式神作りを拒否った分の霊力が見鬼に全振りされた。

「霊力の波長が君のものだね。これは、君が作ったのかい?」
場は変わって応接間。お茶の準備に動き回る正頼と共にすいすいと飛び交うシルキー隊。千代紙の人形達に、それは微笑ましいものを見る目を向けながら、黒之命は彼女に優しく問いかけた。向かいに座する彼女は「はい」と答える。
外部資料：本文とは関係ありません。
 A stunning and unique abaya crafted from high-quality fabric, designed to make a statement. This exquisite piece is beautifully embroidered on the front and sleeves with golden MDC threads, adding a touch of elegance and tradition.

「『シルキー』と呼んでいます。ヨーロッパの民話に登場する、家事をしてくれる妖精をモチーフにしています」
「愛らしい上に、働き者のようだね」
「そうなんですの!もううちの孫娘と来たら、自分で動こうとしないでこんな物ばかり作ってお恥ずかしい!」
問われてもいないのに捲し立てる蹊子に彼女は「いやいちいち貶さないと気が済まんのかい。あと私は自分でもきちんと家事を覚えた上でシルキー隊を作ったからな?」と、余程いつもの調子で返したかったが、何せ状況が状況である。これまた我慢する事にした。視界の端では、李子と元輝が蹊子の態度にげんなりとした様子で互いに目配せをし合う様子が見えた。
「いや。陰陽連本部で見せてくれたように、素晴らしい才能だよ。――本題に入ろうか。御当主」
彼女を褒めた黒之命は、瑛子に向き直った。蹊子も「陰陽連本部で見せたって何の事?」と訝しげであったが、流石に静かになる。
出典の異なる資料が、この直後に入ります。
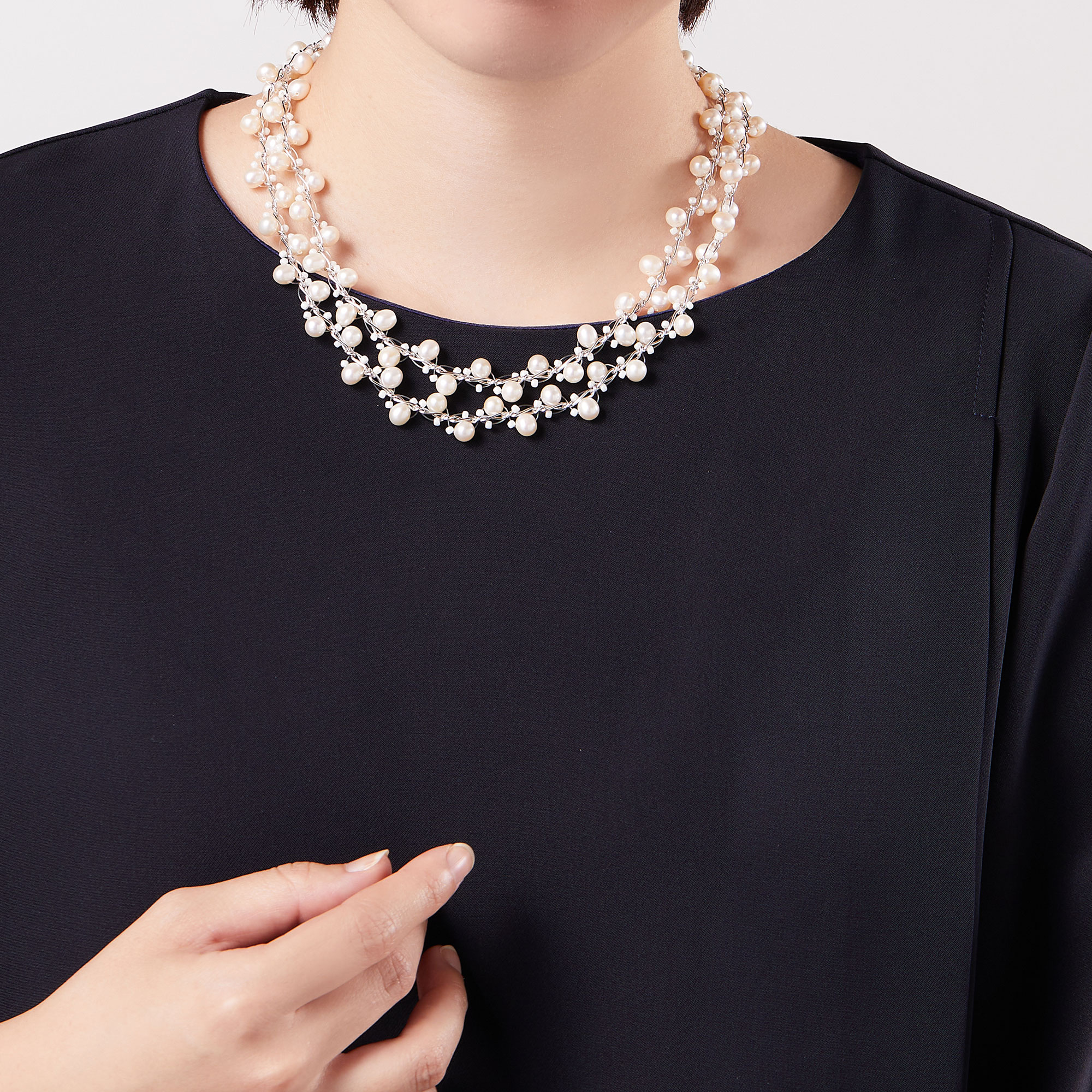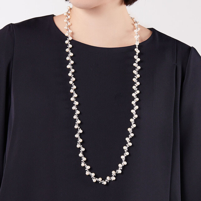 柔らかい光沢が美しい淡水パールが上品で、大人のエレガンスを演出してくれるネックレスです。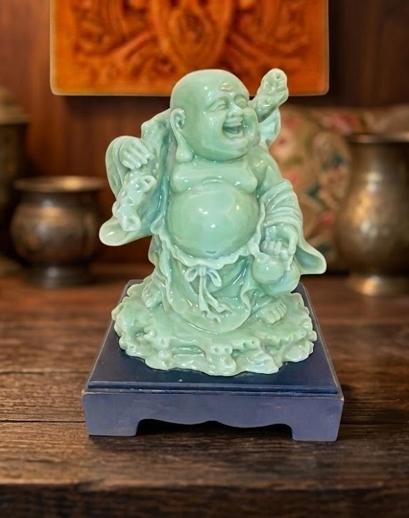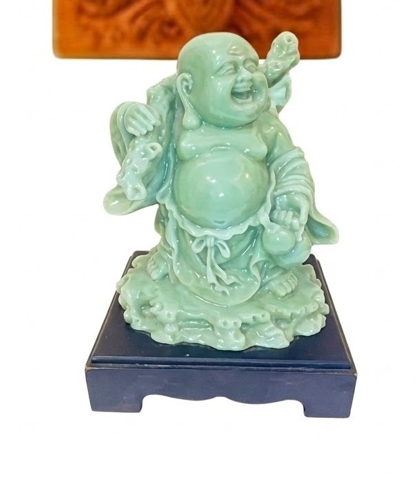 Elevate the energy of your space with this exquisite Jade Green Laughing Buddha. Carved with intricate detail, this figurine captures the iconic symbol of joy, contentment, and prosperity. The Buddha is depicted with a radiant, wide-mouthed smile, carrying a sack of wealth and traveling beads, signifying the gathering of good fortune and the removal of sorrows.

「通達した通り、卯上の姪孫こそが探し続けていた僕の主だとわかった。正式に『主と刀』になるには、婚姻関係を結ぶ必要がある。彼女を主にすると同時に、僕の伴侶として迎えたい」
「もうこの度は本当に、こんな出来の悪い孫娘に勿体ないお話をありがとうございます!」
誰よりも早く返したのは蹊子だった。上機嫌の笑顔で彼女を見上げる。
「勿論お受けするでしょ?これから何処に住む事になるの?引っ越しはいつ?」
「いや。何処に行こうと祖母さんは絶対に連れて行かないからな?」
「え?」
蹊子は文字通り固まった。彼女は「『え?』じゃないよ『え?』じゃ」と呆れつつ、瞬きの一つもしないで祖母を見る。
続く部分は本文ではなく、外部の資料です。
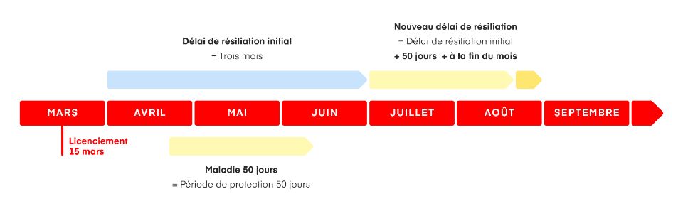 À noter: si la période maximale de protection expire et que le fait générateur de la protection (par exemple, une maladie) s’étend au-delà des 30, 90 ou 180 jours selon les cas, un licenciement peut être prononcé même en cas de maladie si celle-ci se poursuit au-delà de la période de protection.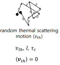 전자가 온도에 의해 운동을 한다. 그러나 이로 인한 종합적 이동도를 봤을 때 그 양은 0이다. (수학적 계산에서 움직임X)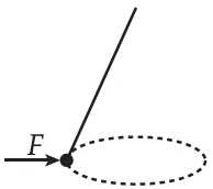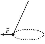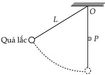 Một quả nặng được treo vào điểm cố định O bằng một sợi dây không co giãn có chiều dài L. Một chốt nhỏ P được cố định ở khoảng cách L theo phương thẳng đứng bên dưới O. Quả nặng được kéo sang một bên rồi thả ra từ trạng thái nghỉ như hình vẽ. Khi sợi dây vừa chạm vào chốt, đại lượng vật lý nào sau đây sẽ tăng đột ngột?
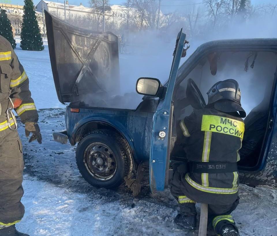 Возгорание автомобиля марки «Нива» произошло в понедельник у памятника Ленину, рядом со зданием Агропрома.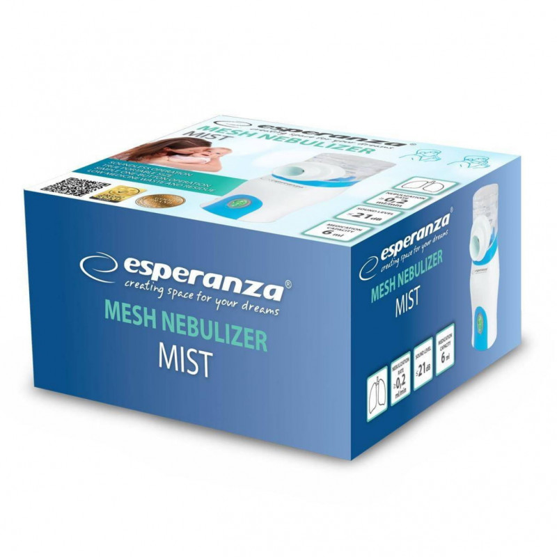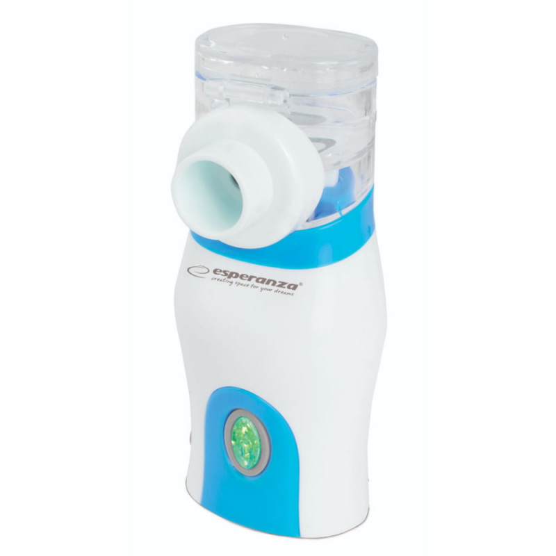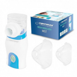 Преносим инхалатор Esperanza ECN005 MIST, 6мл, Ултразвуков, Автоматично изключване, 2 х Маски, Бял/син

「祖母さんの事だから、私が選ばれた即ち直系の血族である自分も相応の扱いをしてもらえると思ったんだろうけど。祖母さんは私と元輝の母親をずっと無能呼ばわりして蔑ろにしてきた。私の財産をずっと毟り取り続けてきた。そんな相手を大切にする理由があると思う?」
「祖母ちゃんはわからないだろうから俺からも言うけどさ。曾祖母さんも曾祖父さんも、霊力を持たない祖母ちゃんを大事に育ててくれただろ?だけど、祖母ちゃんは母ちゃんをそう育てなかったじゃないか。曾祖母さんと曾祖父さんの何を見てきたんだって話だよ」
加勢したのは元輝だった。実は予め姉に「主砲は私がやるから援護射撃よろしく」と言われていたのだ。元輝は快諾した。
「もう一つ。今だから言うけど、祖母さんはいつも瑛子伯母様の所に行ったりする為のお金をお母さんに無心していたよね?あれ、出していたのは私ね。だからさっき財産を毟り取られてるって言ったの」
「蹊子。貴方、いつも私に気前が良かったけれど、あれは全部この子達の犠牲があっての事だったのね」
「瑛子伯母様にも、もう全部言ってるから」
あからさまに顔色を変える祖母に、彼女は肩をそびやかすような仕種を見せた。